The laboratory at UFC, which keeps its door opens to walk-ins from the interior, has, along with the Hospital Universitário, become the opposite of Brazil’s public health plight: a place of warm welcome. 

This was how Dedé Bussa – forty-years-old and one year since his diagnosis, whose story we told in the first installment of this series – felt: “the girls are so good to us, they look at us. They say things that comfort. You come in feeling one thing and leave feeling another, and confident to boot.”

Fátima’s students, such as Alanna, Mylena, Vanessa, and Arduína, have learned what it means not to stop. Alanna Costa, a PhD candidate, was a welcome surprise. Originally from Limoeiro do Norte, an endemic zone, she arrived with a welcoming disposition.

Meanwhile, the Pharmacy Laboratory’s aseptic air mixes with the whiff of countryside the visitors bring. “They’re grateful for any effort. When they come here, they wish us a thousand and one wonderful things, which is good to hear,” Fátima cheers.


Taking Care

The return of a welcome reception has a direct impact on her life some years later, when a student would announce that a mother and her child were outside wanting to speak with her. “God, now of all times?” It wasn’t an open day and the time of her meeting at the university rectory, in another neighborhood, was fast approaching. “I’m going to be late.”

It wasn’t Chagas. A girl who looked about ten years old had a disease that affected her development. Someone had told her mother that Dr. Fátima could help. She held both their hands and rushed off, tugging the two into another time, one that could accommodate her not missing the meeting with her superiors. She reached the hospital ombudsman, explained the case, which today she no longer recalls, acting as bridge for that child and her mother: “do something for this girl.” And off she ran. 
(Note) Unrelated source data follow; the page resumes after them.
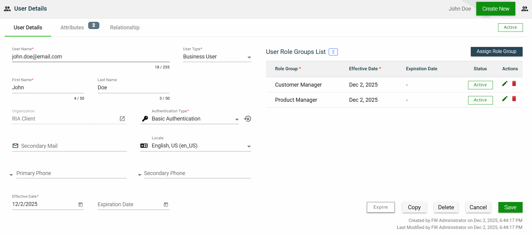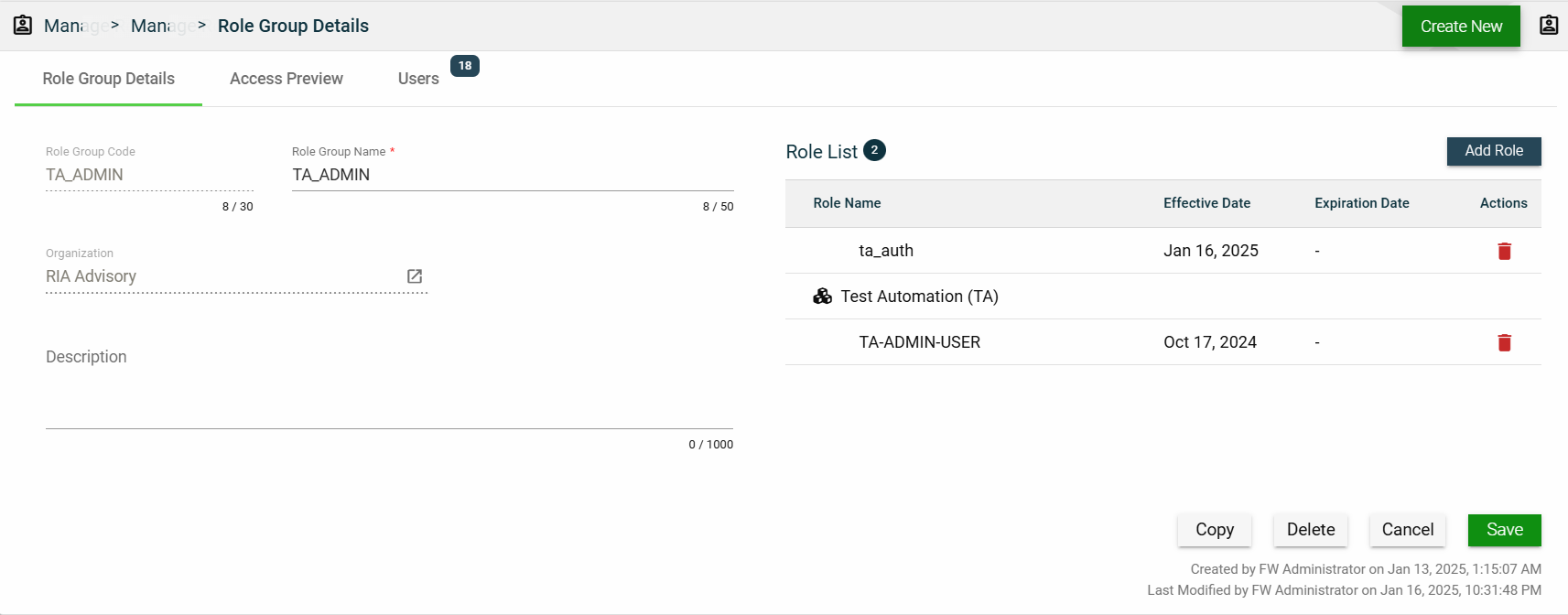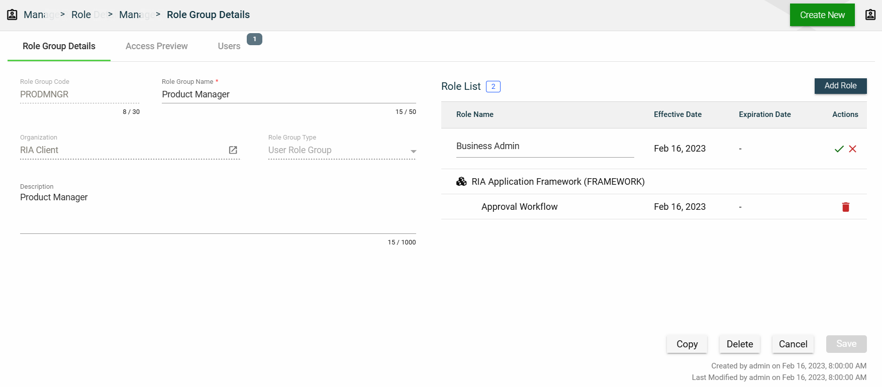 This tab allows you to update all the fields except for the User Type and Organization. Additionally, you can choose to expire, copy, or delete the selected role group from this tab.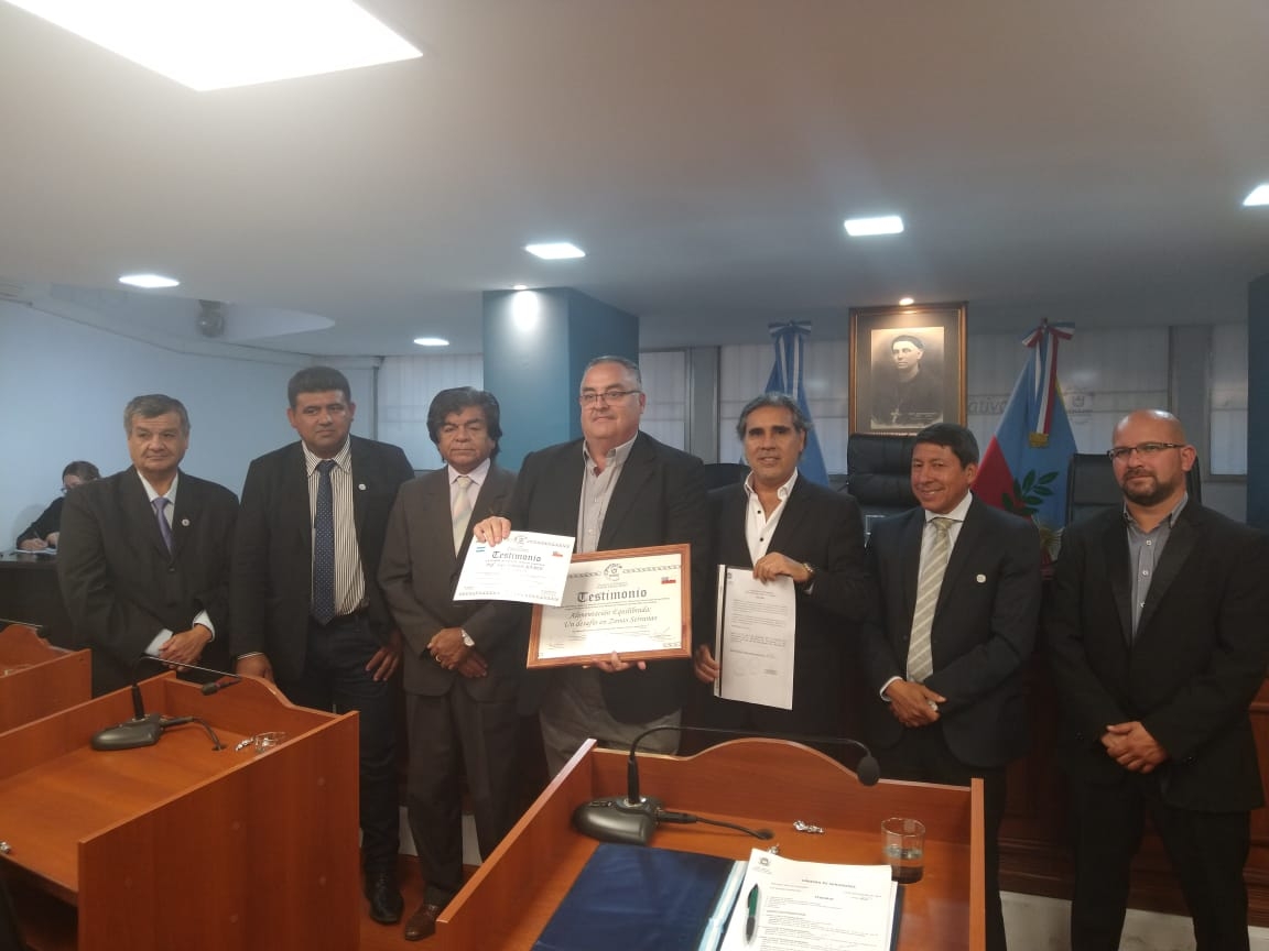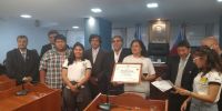 En la oportunidad el senador Raúl Chico acompañado de sus pares hizo la entrega de distinción provincial al profesor Luis Eduardo Ramos encargado del proyecto “Alimentación Equilibrada: Un desafío en Zonas Serranas" que presentó la Escuela Secundaria N°11 "Abel Acosta” en la Feria Nacional de Ciencias.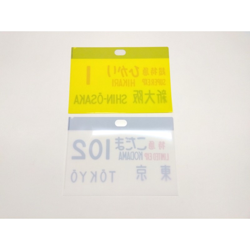 東海道新幹線開業時に0系新幹線で使用された行先標(サボ)をモチーフにデザインしたクリアファイルです。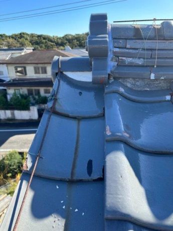 棟 銅線締め直し工事 鬼巻きシ-リング工事 軒袖銅線穴シーリング 東側巴瓦 北面面戸漆喰塗り替え工事 |
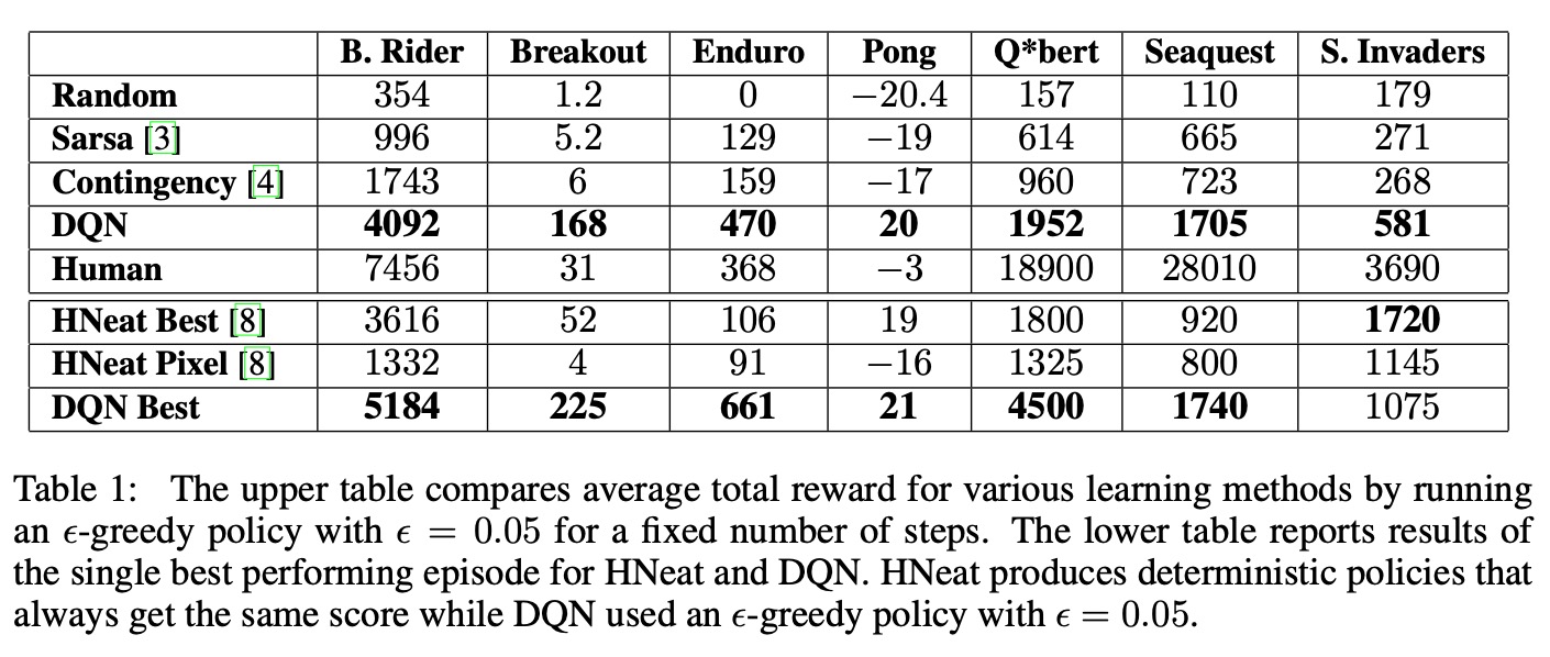 - 7가지의 아타리 게임을 대상으로 실험을 수행했고 모두 동일한 네트워크 구조, 학습 알고리즘, 파라미터 설정을 적용했다.

One month after that event, on October 24, 2011, she received some mail. A hectic life of education, research, students coming in and out of the laboratory at all times, there’s barely any time left for niceties, and that letter, which had nothing to do with work, seemed too strange to be true. Taking it in with her eyes and hands, she had a revelation: it was the girl Iyna Mayra with her mother, thanking her. “By God, what for? I didn’t do a thing. All I did was take them where they wanted to go. I was flustered because I had to leave?” No matter, and then another observation: she could’ve said no, but she’d said yes. She’d listened to the mother, taken the child’s hand. She’d forged them another destiny. In crooked lines, a child thanked her very much and said she was happy because she’d gotten better. Fátima cried, and to this day cries. She has kept the letter, as if it were a university diploma, alongside the many she already has.


Giving and Receiving

“I’m always telling my students: this is what’s worth living for. When you do something for another person, you’re actually helping yourself more than you are them. And it’s not only the work one person does. It’s everyone’s. No one should be in this world to knock the next person down. God puts things and people in our lives so that we can be better.”

The Chagas Lab will be turning sixteen in December 2018. It’s made up of ten researchers, including undergraduates, masters students, and doctoral candidates. They are “Fátima’s kids.” Beside the challenge of conserving the place and making sure there are test kits, the team is now fighting to get sponsorship, a gastroenterologist, a nutritionist, and a psychologist who’d see Chagas patients with intestinal parasites, improve their nutrition, and by listening, bolster the self-esteems of those who’ll have to live on despite the barber bug. So long as there is a demand, Fátima intends to fight “the best she can.”